34. As mentioned, Unitel’s license for the provision of telecommunication services in Angola has been expired since 2012, and we cannot ensure that it will be renewed. In this sense, Oi’s 2015 Reference Form states the following:

“Unitel’s license to provide mobile telecommunication services in Angola expired in April 2012. The Company cannot provide any guarantee on the terms in which the Angolan Institute of Communications will grant a renewal of this concession. Failure to obtain the renewal of this concession may have a material adverse effect on the ability of Unitel to continue to provide mobile telecommunication services in Angola, which could have a relevant adverse effect on the financial condition and results of Unitel and the Company’s investment amount in this company.”

35. In other words, only after the completion of the capital increase was it found that most of the assets contributed by Pharol has no value and the rest was worth much less than estimated.

36. Add to this the accounting allocation of the price paid for the assets of Pharol in the interim financial statements of 2014,12 it was found that the mere accounting allocation of the purchase price, adjusted to fair value on May 5, 2014, would be negative by approximately R$2.8 billion. That is, even before the events occurring after the capital increase, which call into question the actual value of the assets contributed by Pharol, the fair value of these assets was valued at approximately negative R$2.8 billion and not positive R$5.7 billion, as contained in the valuation report.
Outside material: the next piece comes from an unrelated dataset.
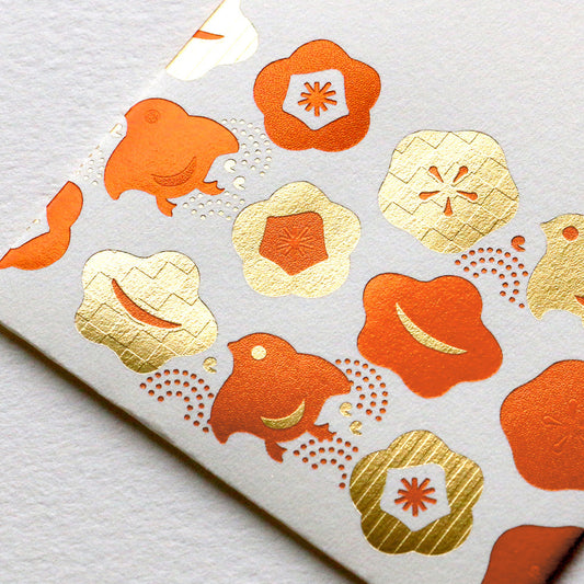 箔ぽち袋 縁起物ならべ 「千鳥・梅」

37. Considering that the Pharol assets were used for payment of an issuance of R$5.7 billion, we have the goodwill on May 5, 2014 on the value of assets that was no less than approximately R$10,500,000,000.00 (ten billion five hundred million Reais):13

 

 

12Available on Oi’s website: file:///C:/Users/rcp/DownIoads/Oi ITR 2T14 nort.pdf.

13Pg. 66 ITR for the 2nd quarter of 2014: file:///C:/Users/rcp/Downloads/Oi ITR 2T14 port.pdf.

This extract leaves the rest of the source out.